The Role of Corticosteroids in Stress-Induced Gastric Ulceration in Rats
Sang Kuk Byun,Yea Eun Lee,Sunhee Shin,Ja Young Jang,Byong-il Choi,Dongsun Park,Jeong Hee Jeon,Sang-Seop Nahm,Seock-Yeon Hwang,Yun-Bae Kim 한국실험동물학회 2007 Laboratory Animal Research Vol.23 No.2
Although the mechanism of stress-induced gastric ulcer has not been defined yet, it is clear that gastric ulcer is occurred by stress. Moreover, the gastric ulcerogenic action of corticosteroids that increase in blood during stress is controversial. To elucidate the involvement of corticosteroids in stress-induced gastric ulceration, we used adrenalectomized or macrophage-depleted animals. Rats were bilaterally-adrenalectomized and were given saline solution as a drinking water for 6 days.
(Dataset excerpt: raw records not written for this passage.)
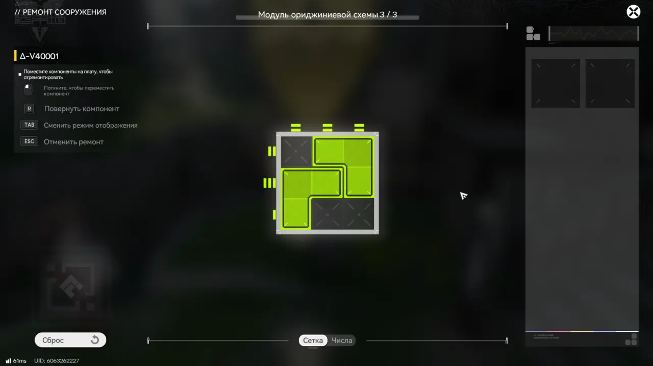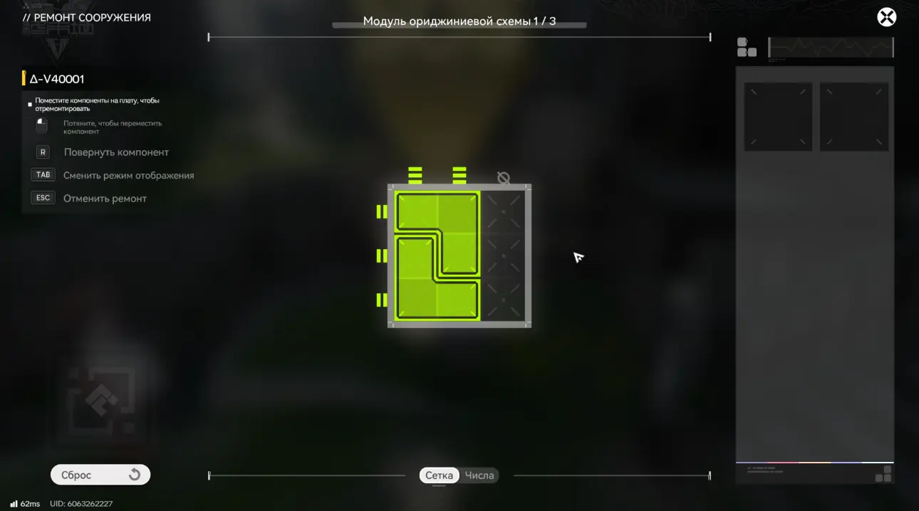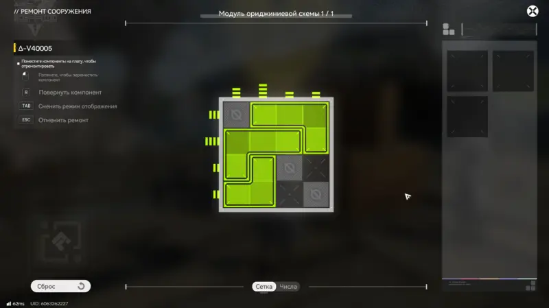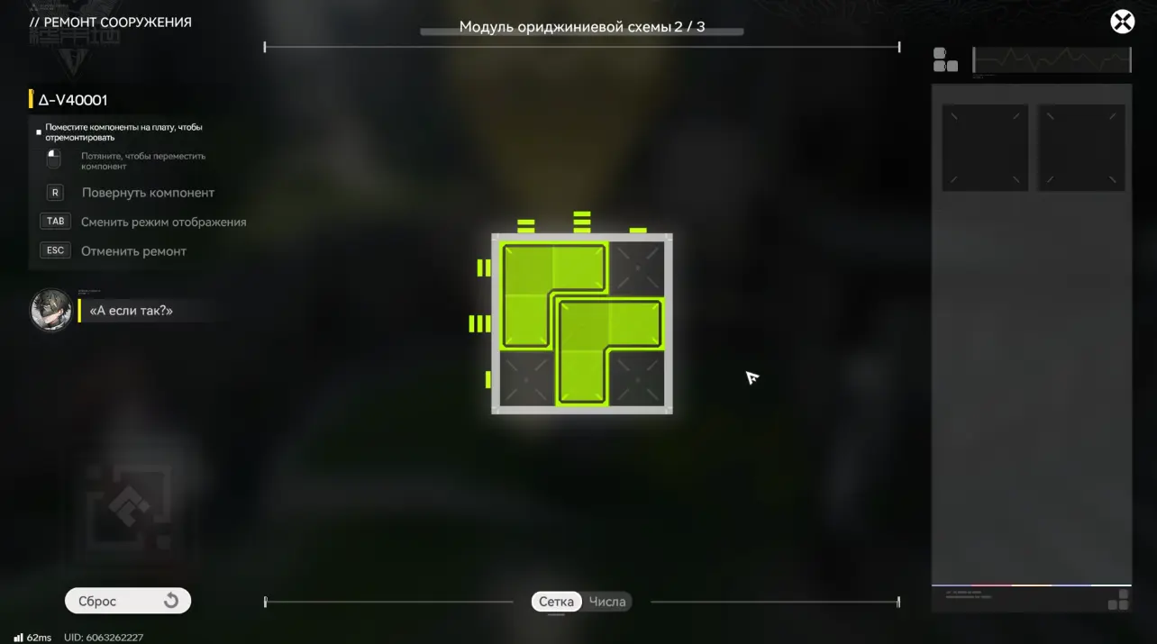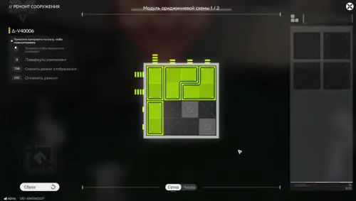 Для восстановления бота необходимо взаимодействовать с ним, нажав «Ремонт» и решить головоломку с модулем ориджиниевой схемы, разместив элементы в правильном положении.
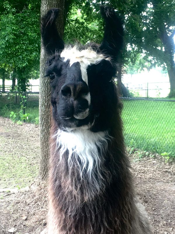 Justin is the gentle giant. He is good natured and low key. He was a beautiful dark black llama when he was young. Sadly, he is graying like the rest of us but he is still quite handsome. He definitely wants his llama chow but waits his turn. The summer in Oklahoma is hot and Justin likes to cool off in the pond. Justin takes nightly strolls through the pond and he is my Loch Ness Llama.
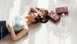 Happy smiling woman lying on floor at home or gym, resting after successful fitness workout. Stretching soft blocks and eco bottle of water. Pleasant fatigue after training. Healthy lifestyle routine
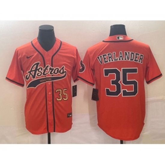 Men's Majestic Houston Astros #35 Justin Verlander Replica Orange Alternate 2018 Gold Program Cool Base MLB Jersey
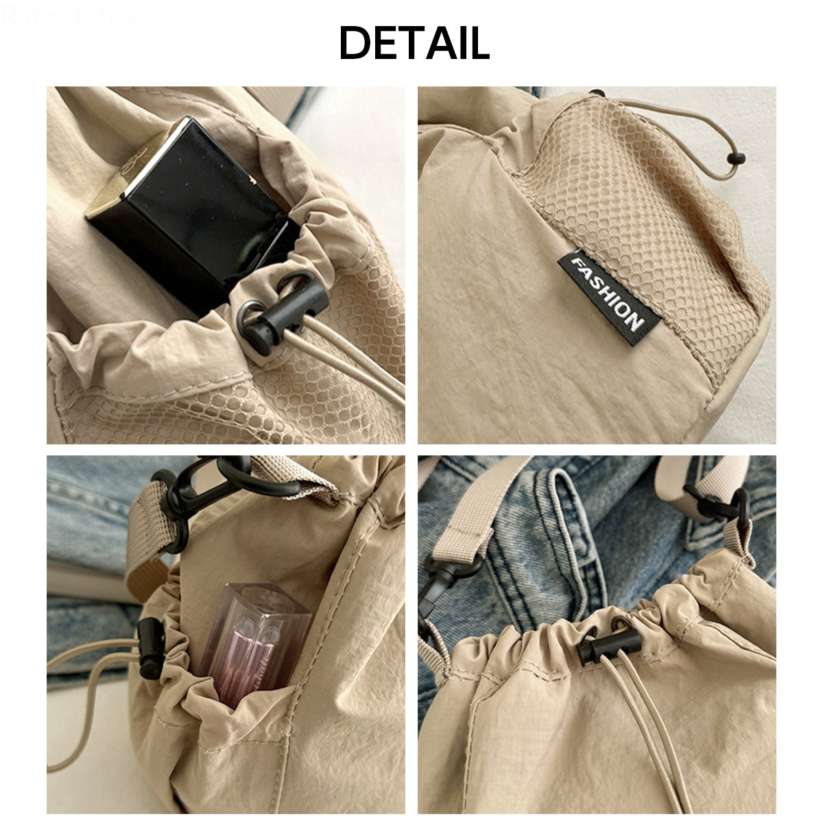 長さの調節が可能なショルダーや、ドローストリング仕様により使い方も多彩で、コーデやシーンに合わせて様々なスタイルを楽しめます。
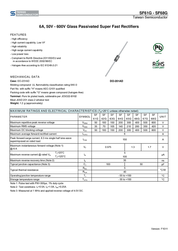 SF66G Dioda ESD Taiwan Semiconductor SF66G N/A N/A
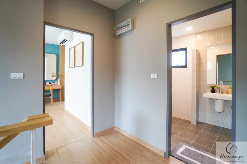 สำหรับห้องน้ำชั้นบนเป็นห้องที่แชร์กันระหว่างห้องนอนรองและห้องนอนเล็ก มีการแบ่งโซนเปียก-โซนแห้งออกจากกันอย่างเป็นสัดส่วน ตกแต่งด้วยโทนสีขาว-เทา และใช้สุขภัณฑ์รุ่นมาตรฐานของบ้านเหมือนห้องน้ำชั้นล่างค่ะ
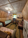 Снаружи дом обшит сайдингом с ветрозащитной плёнкой. Крыша железная. Внутри 3 комнаты обшиты вагонкой.
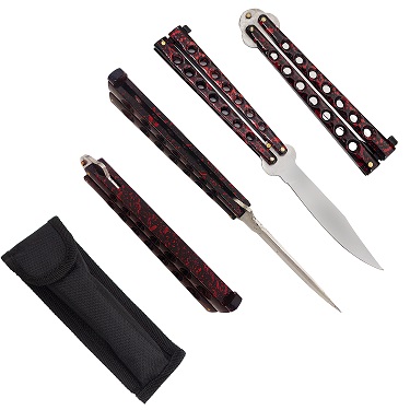 The heavy weight butterfly knives are heavier than your normal low cost butterfly knife. These weigh 5.9 oz with a blade length of 4 inches and a total overall length of 9 inches. Very little wobble if any on these, very tightly put together. Comes with a belt sheath! Made in Taiwan
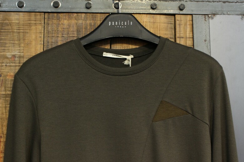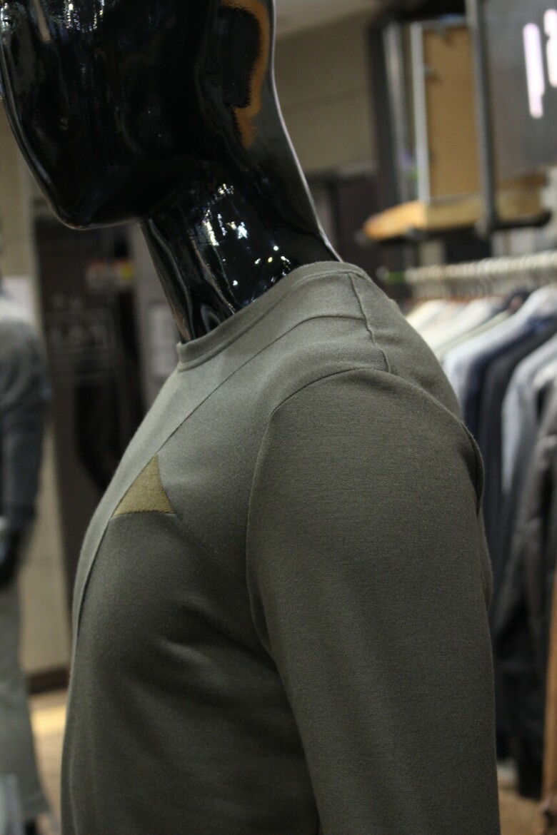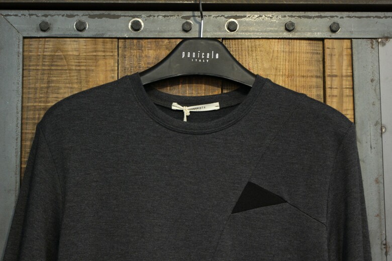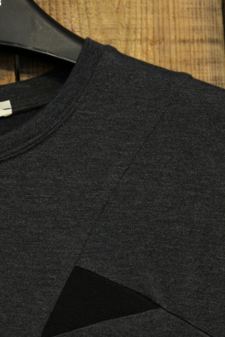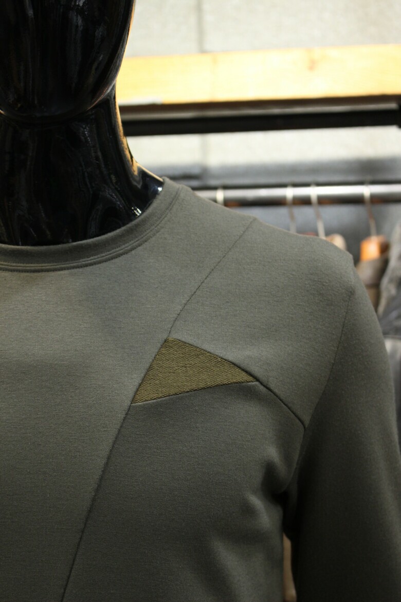 전면에 비대칭의 절개와 삼각배색을 넣어 포인트를 주었습니다

Separately, the animals for macrophage depletion were intraperitoneally administered with silica (SiO₂, 500 ㎎/㎏) for 6 days prior to challenge with water-immersion restraint stress (WIRS) for 4 hr. Adrenalectomy greatly reduced blood cortisol concentrations. Also, silica treatment lowered the number of macrophages to 48% of control and the differential count from 7.34% in normal animals to 2.48%, leading to a marked decrease in blood cortisol and corticosterone levels. WIRS significantly enhanced corticosteroid levels in normal and sham operated rats, and induced severe gastric ulcers. In contrast, adrenalectomy and silica treatment remarkably attenuated the stress-induced gastric ulceration, reducing the ulcer index to 30% and 10% of control level, respectively. Taken together, it is suggested that compensatory secretion of corticosteroids following macrophage activation may playa role in stress-induced gastric ulceration.